Japanese Exchange Denies Customer’s $20-Trillion Bitcoin Withdrawal

A technical glitch at a leading Japanese cryptocurrency exchange that allowed users to buy cryptocurrencies for free saw one customer shoot for the moon, with an attempt to buy 2,200 trillion yen worth of bitcoin — approximately $20 trillion.

For 20 minutes, customers on Japan’s Zaif exchange were able to buy cryptocurrencies for nothing, which saw a number of customers seeking to exploit the glitch within the brief time period.

The most daring, according to local reports, bought the $20 trillion for nothing, and then quickly attempted to sell the holding while the window was active. The customer is reportedly one of a total of seven who spotted the error, and attempted to use this to their advantage.
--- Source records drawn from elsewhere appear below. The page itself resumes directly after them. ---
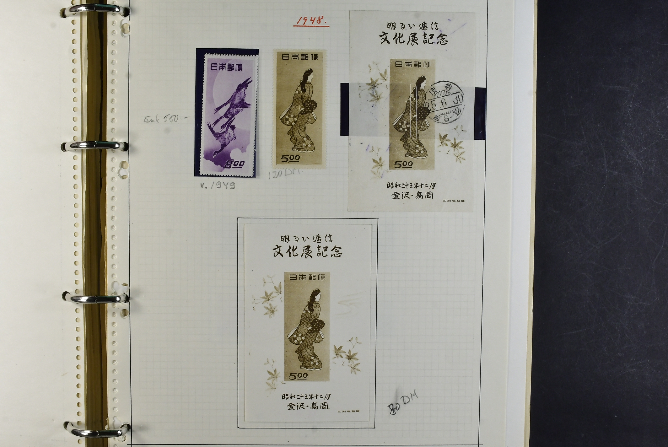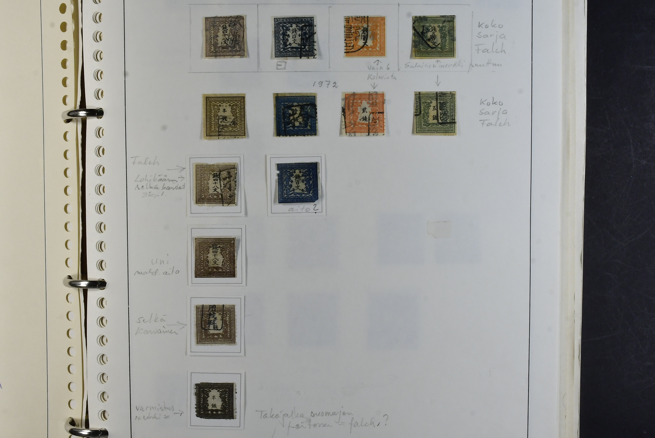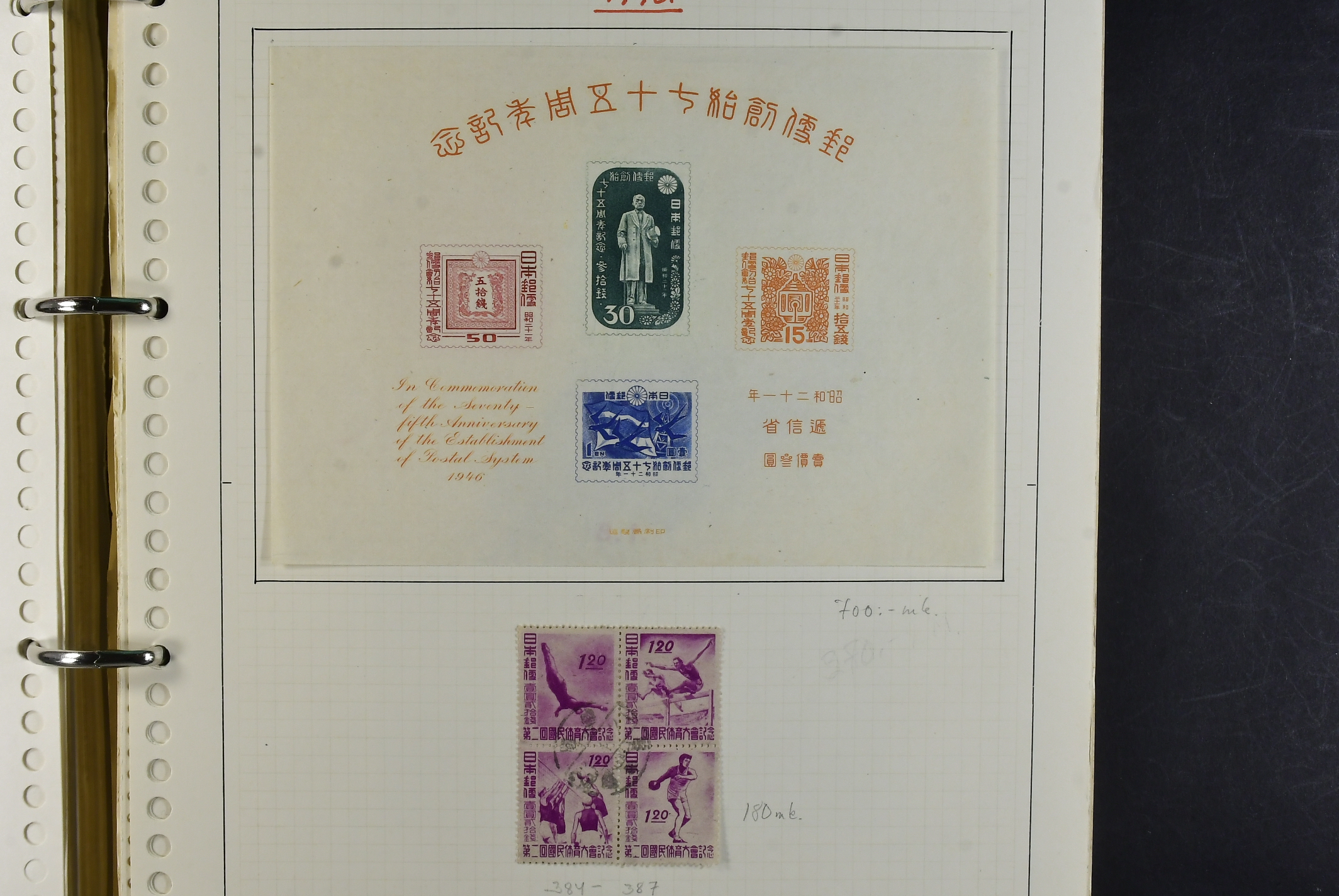 Japan. Collection ★★/★/⊙ 1871–1983 in two albums. Well filled collection, starts with a good section classics mostly forgeries (as always) from 1900–1975 only missing the most expensive stamps. Incl. many of the Souvenir Sheets mixed mint, a few mnh and used through the whole collection. There is also a small number of covers and postcards. Viewing is recommended Please see a selection of scans at www.philea.se. Somewhat mixed quality. (ca. 1200)
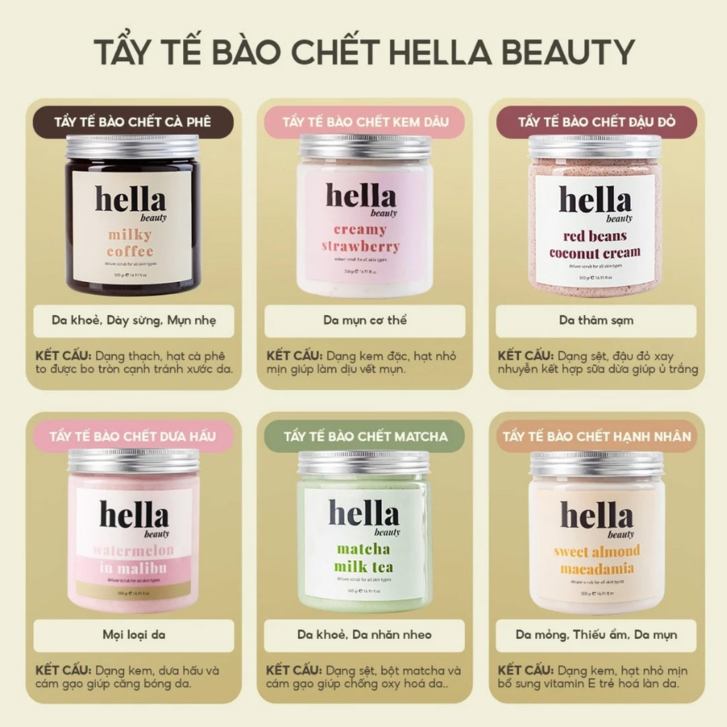 Da cơ thể cũng cần được làm sạch và tẩy tế bào chết thường xuyên để duy trì sự mịn màng, đều màu. Tẩy tế bào chết Hella Beauty 500g sẽ giúp bạn loại bỏ lớp sừng già, làm thông thoáng lỗ chân lông và hỗ trợ hấp thu dưỡng chất tốt hơn.
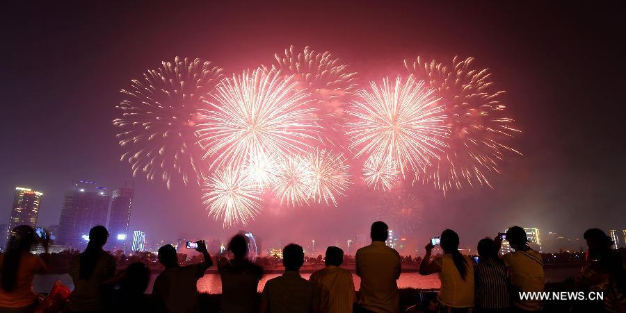 People watch the fireworks at a music fireworks gala celebrating the National Day by the riverside of Xiangjiang River in Changsha, capital of central China's Hunan Province, Oct. 4, 2014. (Xinhua/Long Hongtao)
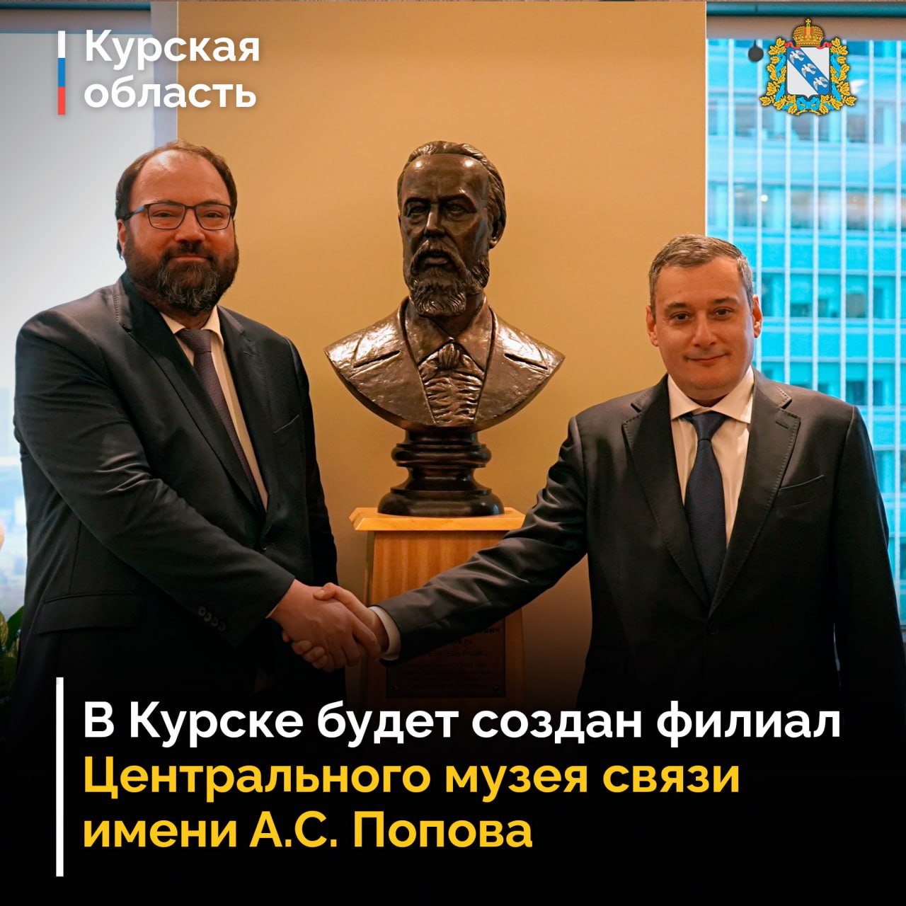 Кроме того, на встрече шла речь о создании в Курске филиала Центрального музея связи имени А.С. Попова. Достигнута договоренность о его размещении в здании Курского почтамта на Красной площади.
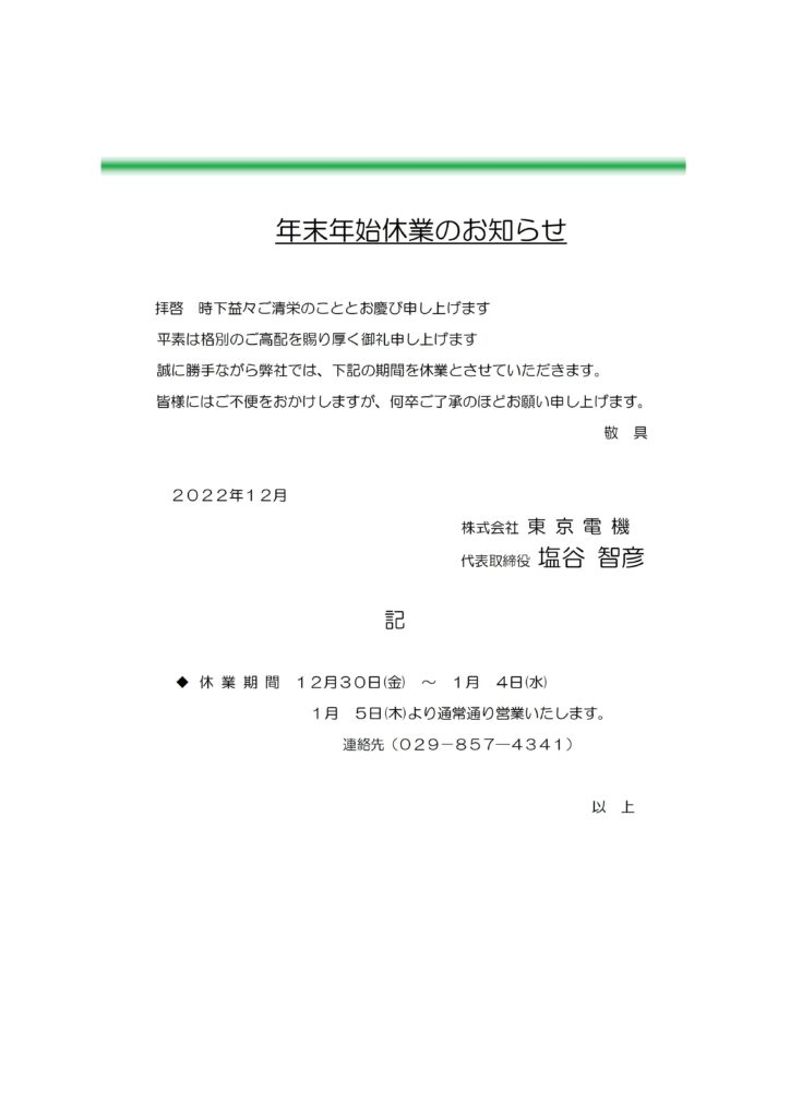 株式会社 東京電機 年末年始休業のお知らせ2022

The news will come as a major embarrassment to Tech Bureau Corp., the Osaka company that operates the Zaif exchange. The firm was able to cancel the transactions and correct the relevant user balances, although according to some reports, one correction remains outstanding, following the customer’s decision to move the bitcoin immediately off the platform.

The firm knows at least one of the customers attempted to resell their coins, and the volumes suddenly on offer were substantial enough to attract queries from the wider markets.

Representatives from the company have issued an apology over the issue, and pledged to take measures to prevent similar instances of technical bugs from occurring in future. Nevertheless, the matter raises concerns about the robustness of technical systems at the exchange.

The company will now be investigated by the Japanese Financial Services Agency over the incident, and comes shortly after another Japanese exchange, Coincheck, fell victim to a large-scale hack in January.

Coincidentally, the Japanese authorities are already engaged in investigations across a number of unlicensed exchanges, looking into specific issues around technical standards to prevent issues of this kind.

Tech Bureau Corp. will now be under pressure to shore up its technology, and to ensure it continues to comply with the relevant regulations and technical standards in future, in order to reassure its investors, as well as local regulators.